The disease may be one of the manifestations of a congenital generalized infectious process, occurring with hepatosplenomegaly, rashes on the skin and mucous membranes, damage to the central nervous system and other symptoms of a congenital infection: chorioretinitis (with rubella and toxoplasmosis); bone changes (with syphilis), etc. It is possible for intrauterine pneumonia to occur as an independent disease caused by intrauterine infection of the lungs of the fetus.
The incidence of intrauterine pneumonia is 1.79 per 1000 live births.
What causes intrauterine pneumonia?
The cause of the development of intrauterine pneumonia depends on the routes of infection.
In hematogenous transplacental infection of the fetus, pneumonia is most often caused by TORCH infection pathogens: Toxoplasma gondii, Polynosa rubeolae (rubella virus), Cytomegalovirus hominis (cytomegalovirus), Herpes simplex virus (herpes simplex virus), as well as Treponema pallidum and Listeria monocytogenes. Usually, in such cases, intrauterine pneumonia is part of a congenital generalized infectious process and develops in the first 72 hours of life.

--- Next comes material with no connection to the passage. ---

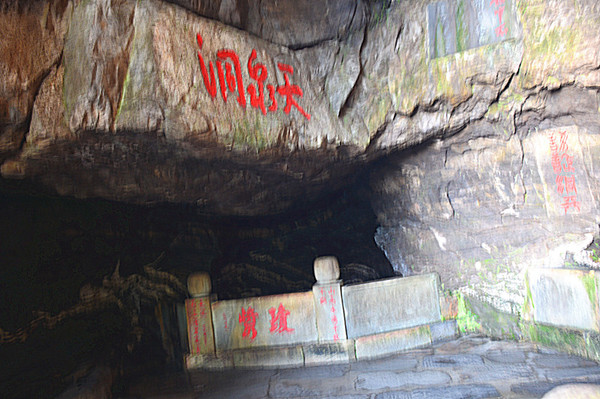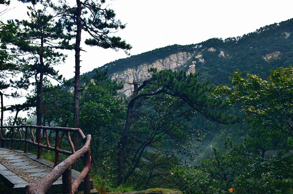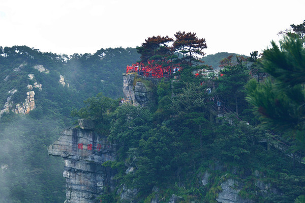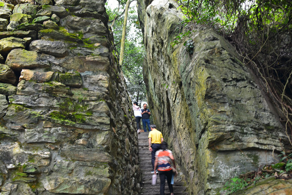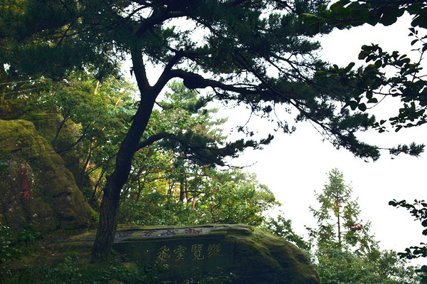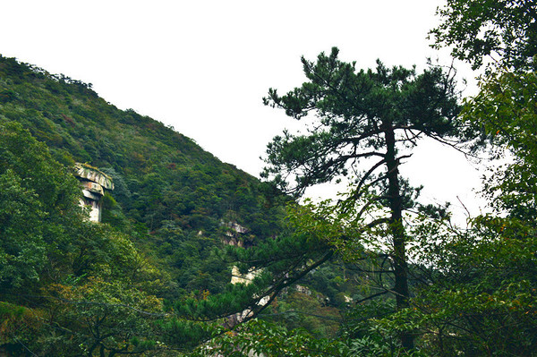 石松。此处峭壁巨石凌空而卧,似剑直插锦绣谷,又宛若一只大蟾蜍伸腿欲跃,人称“蟾蜍石”。石上有一松,名为石松,生机盎然,根须裸露,迎风挺立,坚强不屈。近代不少历史名人于此处留影纪念。但此处选景角度实属不易,很难拍出凌空效果。

The main pathogens of intrauterine pneumonia that developed as a result of intranatal infection are considered to be microorganisms that colonize the mother's genital tract: group B streptococci, C. trachomatis, gram-negative enterobacteria (E. coli, Klebsiella spp.). Less common are diseases caused by Mycoplasma spp. and Ureaplasma urealyticum.

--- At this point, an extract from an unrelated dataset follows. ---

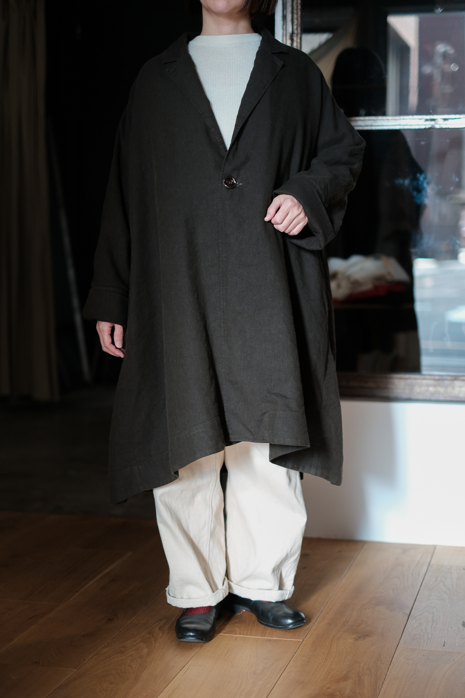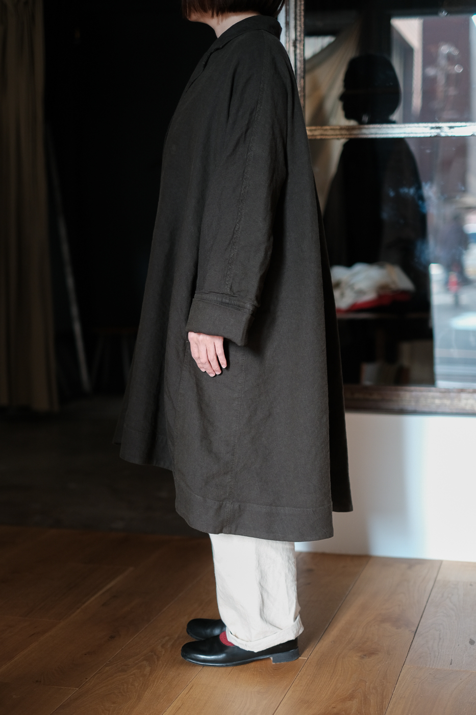 A-line over coat (Broken twill) col.khaki

Group B streptococci are the most common (about 50% of cases) cause of congenital pneumonia. According to foreign researchers, they are found in 15-25% of pregnant women (with the gastrointestinal tract and genitourinary system being colonized mainly), which in approximately 1% of cases leads to intranatal infection of the fetus. The risk of infection increases significantly with a long anhydrous period during labor, fever in the mother, the development of chorioamnionitis and prematurity. Intrauterine pneumonia is mainly caused by serovars I and II. Group B streptococci serovar III play the role of causative agents of intrauterine pneumonia much less often, with the disease usually developing in the 2nd week of life and is acquired.
Listeria monocytogenes can cause intrauterine pneumonia. They are quite often found in unpasteurized milk and dairy products, especially sour cream and soft cheeses. In practically healthy people, they usually do not cause diseases. Listeriosis is found mainly in pregnant women with immunodeficiency, their fetuses and newborns. Offspring are infected from mothers as a result of vertical transmission of the infection in listeriosis chorioamnionitis, respiratory (flu-like) or intestinal listeriosis of pregnant women.
Gram-negative bacteria (E coli, Klebsiella spp., staphylococci) rarely act as causative agents of intrauterine pneumonia.
C. trachomatis is an obligate intracellular parasite transmitted sexually. According to Russian researchers, almost 26% of women in labor have signs of active infection, which can cause infection of the child. After infection, chlamydial infection of the respiratory system develops in 13-33.3% of cases, and intrauterine pneumonia - in 10-20%.
The role of U. urealyticum in the etiology of intrauterine pneumonia has long been questionable. However, data accumulated in recent years indicate that this pathogen is capable of causing diseases in newborns.
Genital mycoplasmas (M. hominis) cause pneumonia only in a special group of patients: extremely premature infants and newborns receiving immunosuppressive treatment.
Most intrauterine pneumonias develop during the first 3-6 days of life, with the exception of mycoplasma (7 days) and chlamydial (3-6 weeks).
In very premature infants weighing less than 1500 g, pneumonia can be caused by Cytomegalovirus hominis (cytomegalovirus), Herpes simplex virus (herpes simplex virus), Varicella zoster virus (chickenpox virus) and Enterovirus (enteroviruses).
Risk factors
- Infectious diseases of the mother during pregnancy (damage to the urinary system, intestines, vaginitis, vulvovaginitis, etc.).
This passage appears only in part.